• TASK BRIEF
From the line containing "बिहार प्रांतीय खेतिहर" down to the line containing "Domenica 2 novembre", copy out the entries below exactly, both lines included, and nothing else; pictures do not belong in the copy.

• Items from a dataset
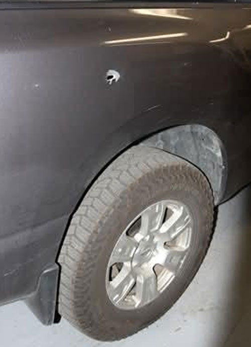 Preliminary investigation shows a gray Nissan Titan was traveling Eastbound on I-24 around 5:05 pm on Wednesday, November 12, 2025 when a dark sedan was cut off. That vehicle proceeded to drive erratically and ultimately fired shots at the truck around this location and time.
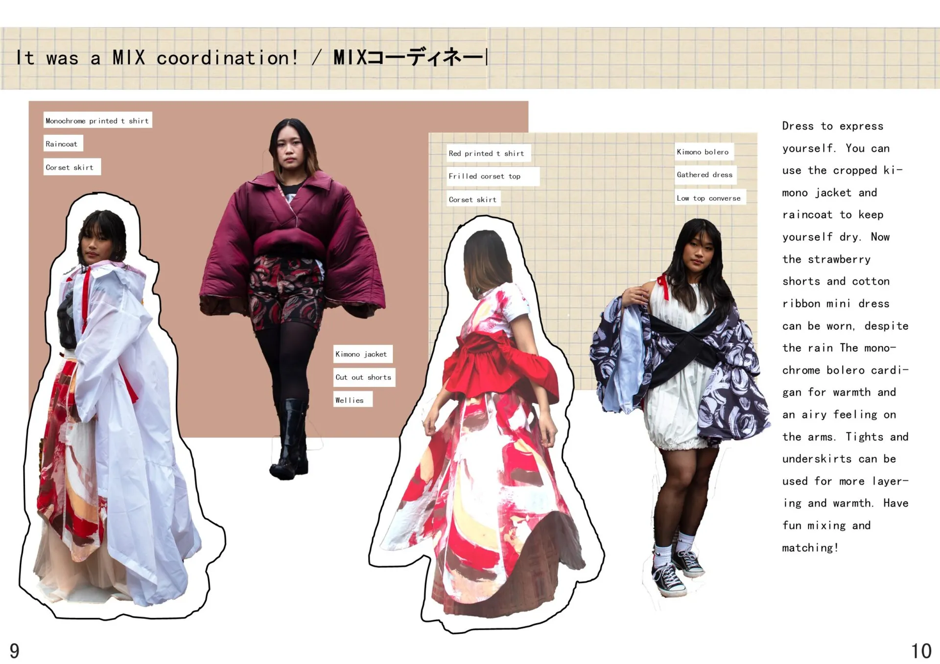My collection consists of various pieces. Dresses, t-shirts, pants, and jackets can all be styled interchangeably. T There is an ensemble for any occasion, and all the pieces can be layered and styled differently based on preference, allowing individual expression. Many oversized silhouettes portray the typical petite Lolita ‘cuteness.’
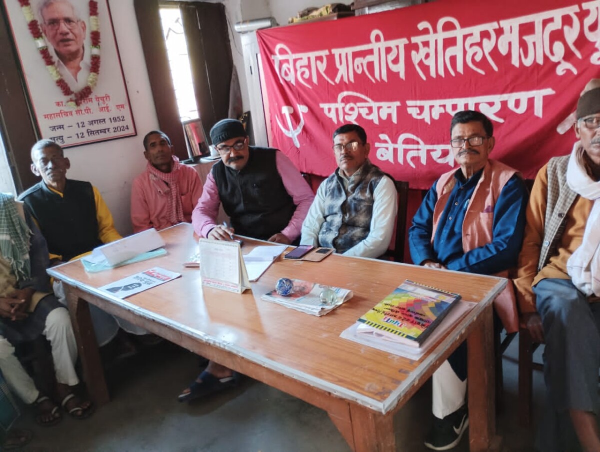 बिहार प्रांतीय खेतिहर मजदूर यूनियन पश्चिम चम्पारण जिला कमिटी की बैठक रिक्शा मजदूर सभा भवन में का.प्रकाश कुमार वर्मा की अध्यक्षता में हुई।
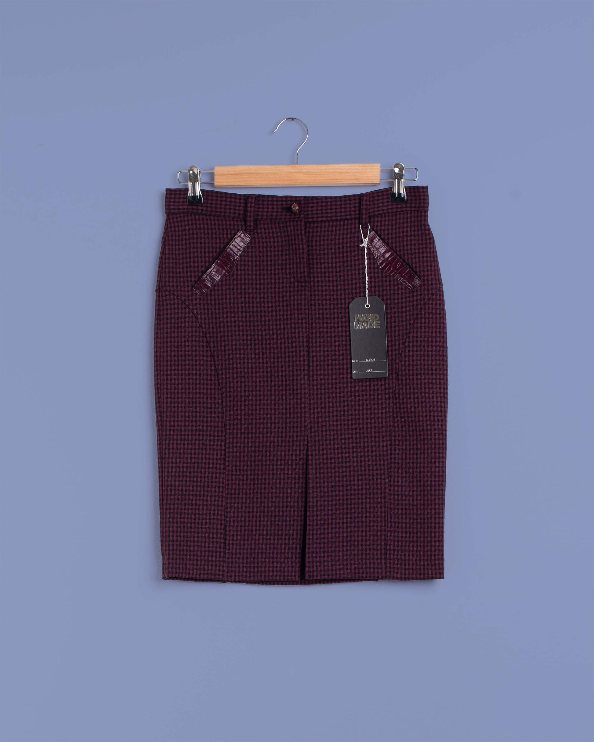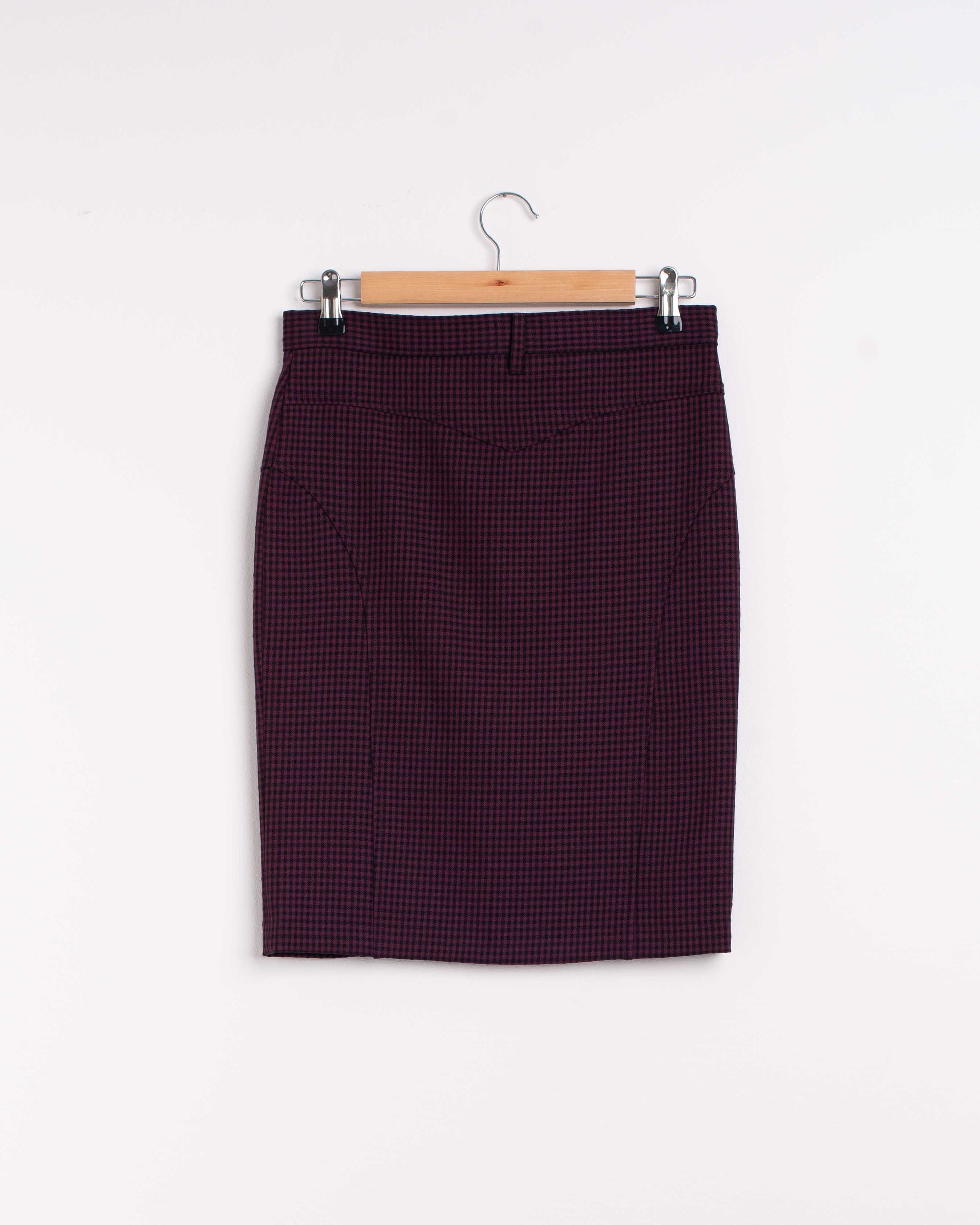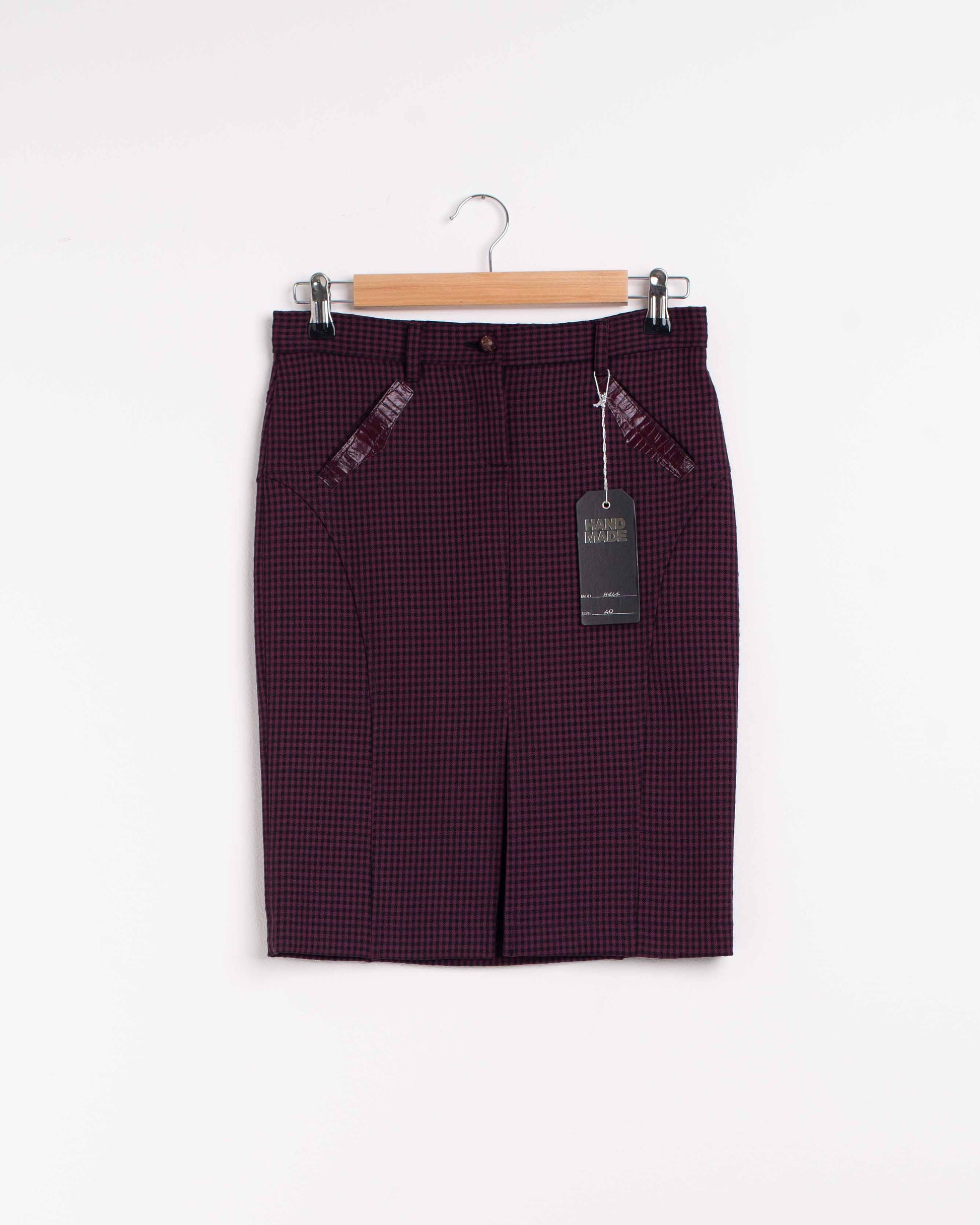 Gonna vintage a tubino a scacchi prugna e nera made in Italy
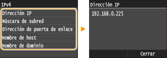 <Información de red>  <IPv4>  Seleccione la opción que desee visualizar  Compruebe las opciones
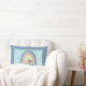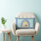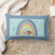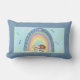 Ce coussin lombaire a un arc-en-ciel moderne avec deux chiens de chiots fantaisistes debout sous lui. La rangée supérieure de l'arc-en-ciel a petit chien chiot imprime l'escalade des deux côtés menant à un coeur sur le dessus. Il y a différents os de chien colorés éparpillés autour. Arrière - plan est un bleu ciel pâle avec une bordure jaune puis un bleu foncé. Grand coussin pour maman en pépinière tout en secouant le bébé!
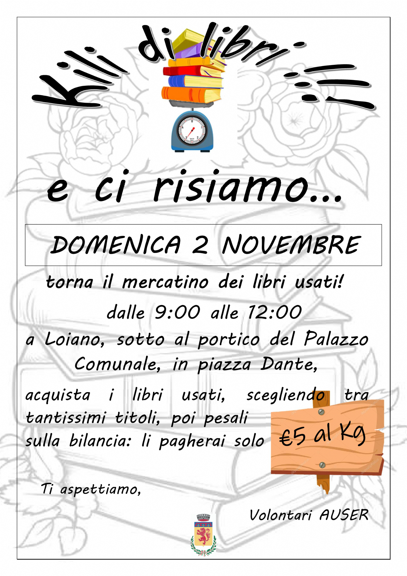 Domenica 2 novembre 2025, dalle ore 9 alle ore 12, sotto il portico del Municipio (lato Piazza Dante Alighieri) si terrà l'iniziativa "Kili di libri", a cura dei volontari AUSER.
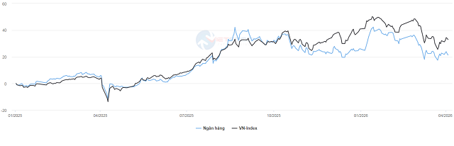 Diễn biến chỉ số ngân hàng và VN-Index từ đầu năm 2025 đến đầu tháng 4/2026
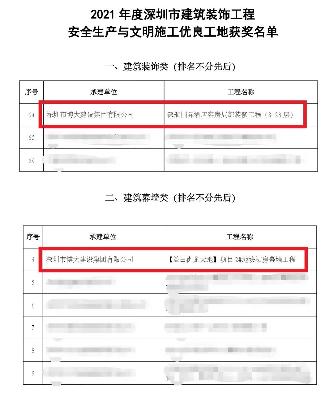 博大建設(shè)集團(tuán)榮獲兩項(xiàng)深圳市建筑裝飾工程安全生產(chǎn)與文明施工優(yōu)良工地
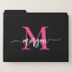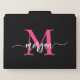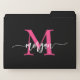 Hot Pink Black Modern Script Girly Monogram Name File Folder
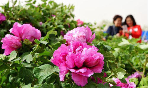 Hoa mẫu đơn trong Công viên sông Hoàng Hà, Khu tự trị Nội Mông, Trung Quốc ngày 29/4/2018. Ảnh: Xinhua. |
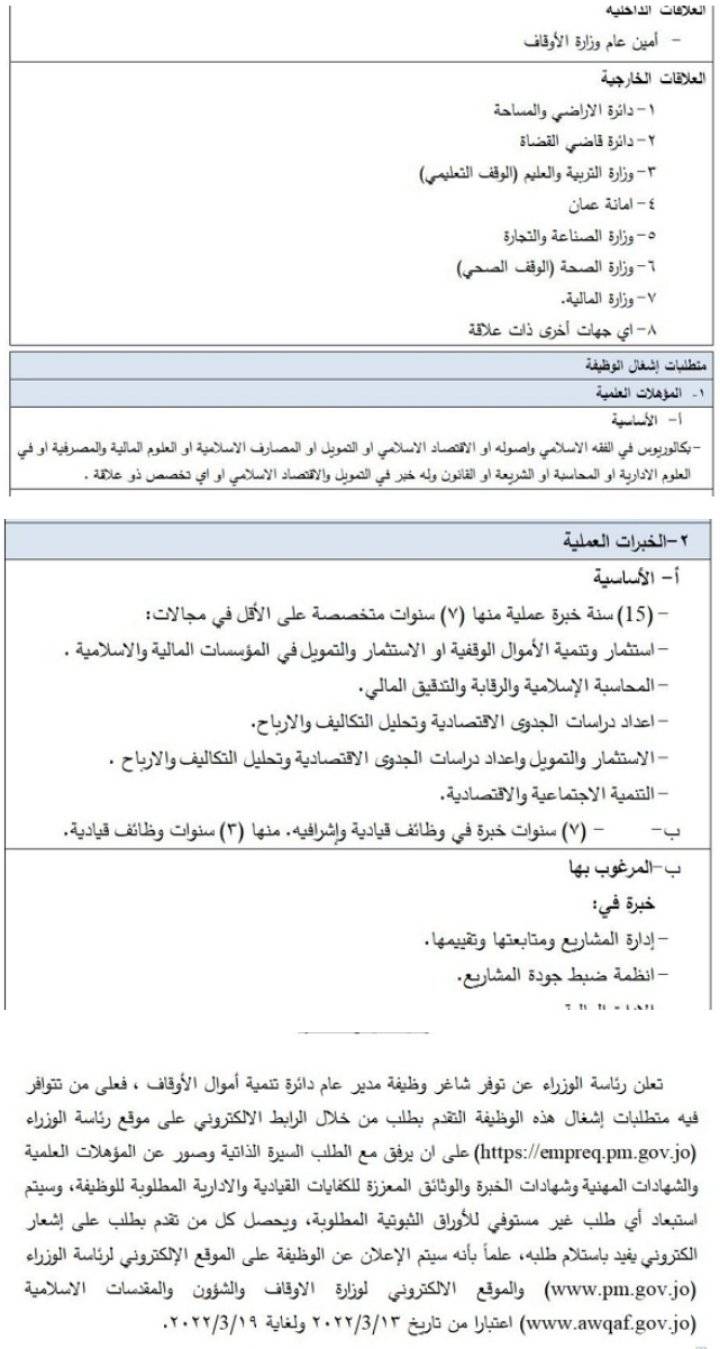 اعلنت رئاسة الوزراء ، السبت ، عن توفر شاغر وظيفة مدير عام دائرة تنمية أموال الأوقاف ، فعلى من تتوافر فيه متطلبات إشغال هذه الوظيفة التقدم بطلب من خلال الرابط الالكتروني على موقع رئاسة الوزراء (https://empreq.pm.gov.jo) .

• PROBLEM SOLUTION
 बिहार प्रांतीय खेतिहर मजदूर यूनियन पश्चिम चम्पारण जिला कमिटी की बैठक रिक्शा मजदूर सभा भवन में का.प्रकाश कुमार वर्मा की अध्यक्षता में हुई।
 Gonna vintage a tubino a scacchi prugna e nera made in Italy
 <Información de red>  <IPv4>  Seleccione la opción que desee visualizar  Compruebe las opciones
 Ce coussin lombaire a un arc-en-ciel moderne avec deux chiens de chiots fantaisistes debout sous lui. La rangée supérieure de l'arc-en-ciel a petit chien chiot imprime l'escalade des deux côtés menant à un coeur sur le dessus. Il y a différents os de chien colorés éparpillés autour. Arrière - plan est un bleu ciel pâle avec une bordure jaune puis un bleu foncé. Grand coussin pour maman en pépinière tout en secouant le bébé!
 Domenica 2 novembre 2025, dalle ore 9 alle ore 12, sotto il portico del Municipio (lato Piazza Dante Alighieri) si terrà l'iniziativa "Kili di libri", a cura dei volontari AUSER.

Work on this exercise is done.